Non-coding RNAs can promote PD-L1/PD-1 expression through ceRNA
regulation of NSCLC mechanisms [[170]45]. However, given the complexity
of the immune system, knowledge of a single biomarker that can
precisely identify patients who can potentially benefit from ICIs is
lacking. Immune-related gene signatures, immune infiltrating cells, and
chemokines are important in predicting the clinical response to
immunotherapy and prognosis of NSCLC patients [[171]14]. A previous
study shows that activated memory CD4 T cells and helper T cells are
positively correlated with improvement in survival AMONG lung cancer
patients [[172]14]. By contrast, suppressive immune cells, including
resting dendritic cells, M0 macrophages, and neutrophils, form an
immunosuppressive microenvironment [[173]46] and indicate a poorer
prognosis. Integrated analysis of the correlation between ceRNA and
TIME is necessary to improve the accuracy of prognostic predictions.

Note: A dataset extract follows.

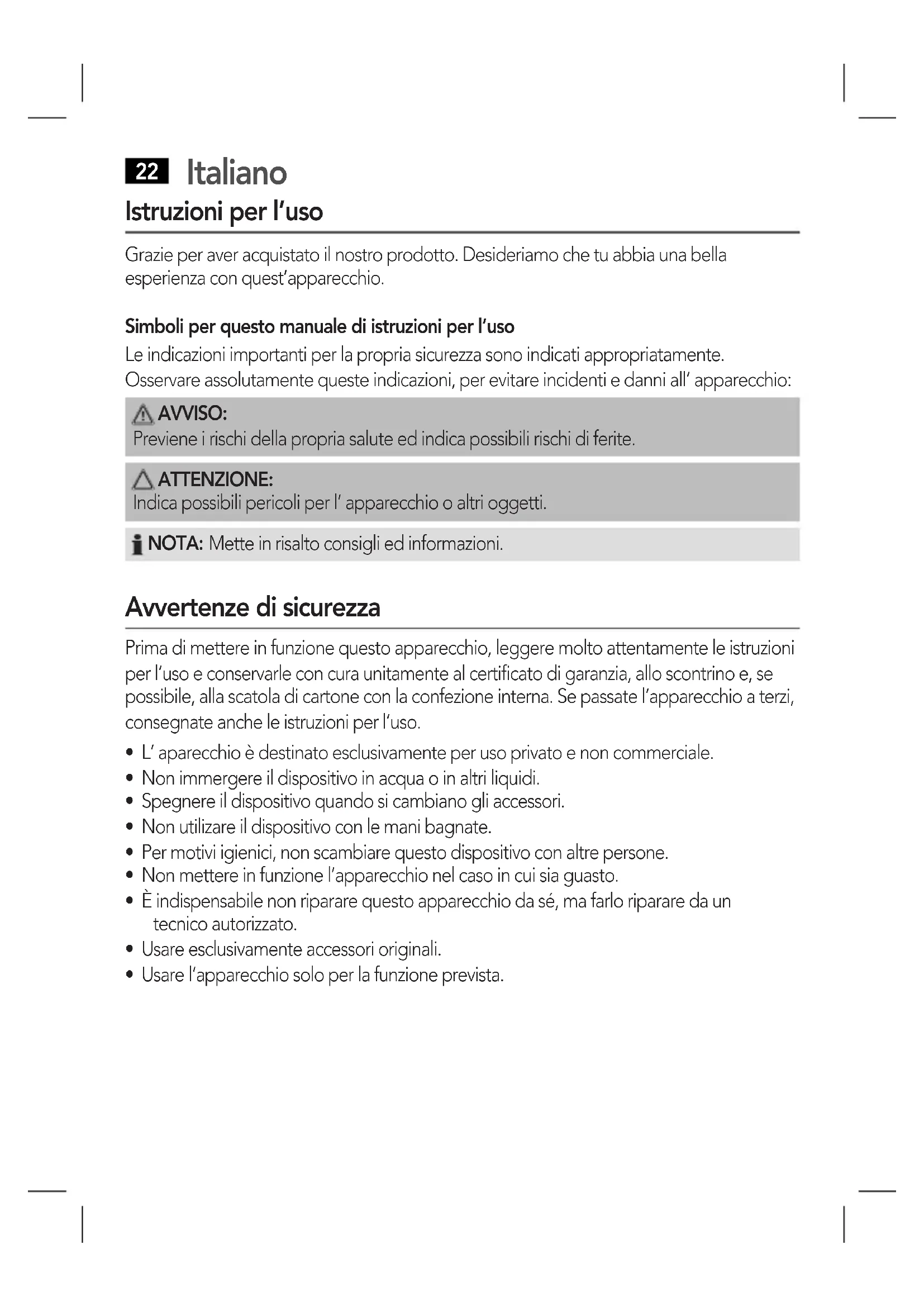 Istruzioni per l’uso Grazie per aver acquistato il nostro prodotto. Desideriamo che tu abbia una bella esperienza con quest’apparecchio. Simboli per questo manuale di istruzioni per l’uso Le indicazioni importanti per la propria sicurezza sono indicati appropriatamente. Osservare assolutamente queste indicazioni, per evitare incidenti e danni all’ apparecchio: AVVISO: Previene i rischi della propria salute ed indica possibili rischi di ferite. ATTENZIONE: Indica possibili pericoli per l’ apparecchio o altri oggetti. NOTA: Mette in risalto consigli ed informazioni. Avvertenze di sicurezza Prima di mettere in funzione questo apparecchio, leggere molto attentamente le istruzioni per l’uso e conservarle con cura unitamente al certificato di garanzia, allo scontrino e, se possibile, alla scatola di cartone con la confezione interna. Se passate l‘apparecchio a terzi, consegnate anche le istruzioni per l‘uso.

The ceRNA signature in NSCLC is related to immune infiltrating cell
types and PD-1 expression. Results from the execution of the CIBERSORT
algorithm showed that the proportion of activated CD4 memory T cells
and follicular helper T cells was positively correlated with the risk
score of 13 gene-based ceRNA network, and the proportion of CD4 memory
resting T cells, M0 macrophages, resting dendritic cells, and
neutrophils was negatively associated with the 13 gene-based ceRNA risk
score. Chemokines, especially CXCL9, CXCL-10, and CXCL11/CXCR3 axis,
play key roles in TIME and immune response [[174]39]. Reduced levels of
CXCL9 and CXCL10 are correlated with the immunosuppressive
microenvironment, negative responses to ICIs, and poor prognosis among
cancer patients [[175]47]. In the present study, CXCL9 and CXCL10 were
downregulated in the high-risk group, which further promoted
immunosuppressive TIME. Taken together, our ceRNA risk model may
effectively predict the TIME in NSCLC patients.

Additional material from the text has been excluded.